Rappelé le 22 novembre du Rocket de Laval, Kulak a gagné la confiance de Claude Julien et de Luke Richardson pour gravir les échelons et devenir le partenaire régulier de Jeff Petry.

«C’est un objectif que j’avais en tête depuis l’été dernier, je voulais m’établir comme un défenseur du top quatre pour une équipe de la LNH, a-t-il précisé. En fin de saison, je jouais ce rôle avec le Canadien avec Petry. Je jouais de grosses minutes, c’était bon pour moi. J’ai le sentiment que j’ai beaucoup appris de cette expérience et que je suis maintenant un meilleur défenseur.»

«Il y a quelques années, je rêvais d’atteindre la LNH. Mais une fois que tu as réussi ce but, tu dois viser plus haut. J’avais comme ambition de jouer un plus grand rôle. Je n’ai pas connu le départ que je souhaitais avec le Canadien en me retrouvant à Laval pour les premières semaines du calendrier.»

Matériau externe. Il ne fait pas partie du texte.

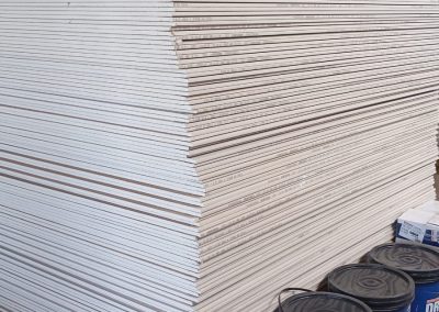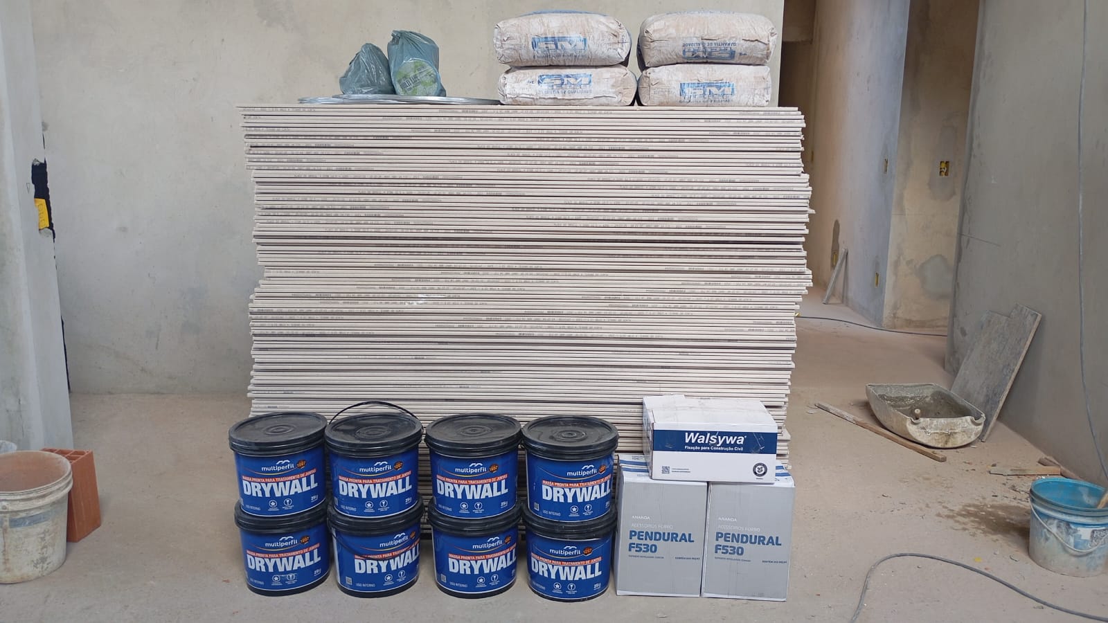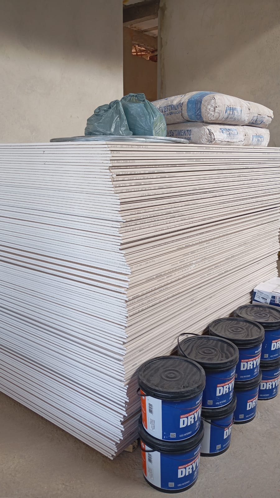Placas de Gesso Acartonado (Drywall): Essenciais para divisórias e revestimentos internos.

«Je n’étais pas malheureux de mon sort en début de saison même si je me retrouvais avec le Rocket, a-t-il enchaîné. Je faisais confiance aux dirigeants du Canadien. Je savais que j’étais pour obtenir ma chance et c’était à moi de la saisir. Avec le Rocket, je passais plus de 25 minutes sur la glace et j’étais utilisé à toutes les sauces. C’était la parfaite préparation pour le Canadien.»

Une bonne transaction

Bergevin a mis la main sur Kulak le 1er octobre dernier en échangeant les défenseurs Matt Taormina et Rinat Valiev aux Flames de Calgary.

«Cette transaction était une bonne chose pour moi, a rappelé Kulak. Les Flames misaient déjà sur un très bon top quatre et il n’y avait pas trop de place pour moi. J’étais plus un gars de profondeur. Avec les Flames, je jouais environ 12 minutes par match, c’est plus difficile d’avoir un impact.»

En 57 matchs avec le Tricolore, Kulak a obtenu 17 points (6 buts, 11 passes) et il a maintenu un différentiel de +12.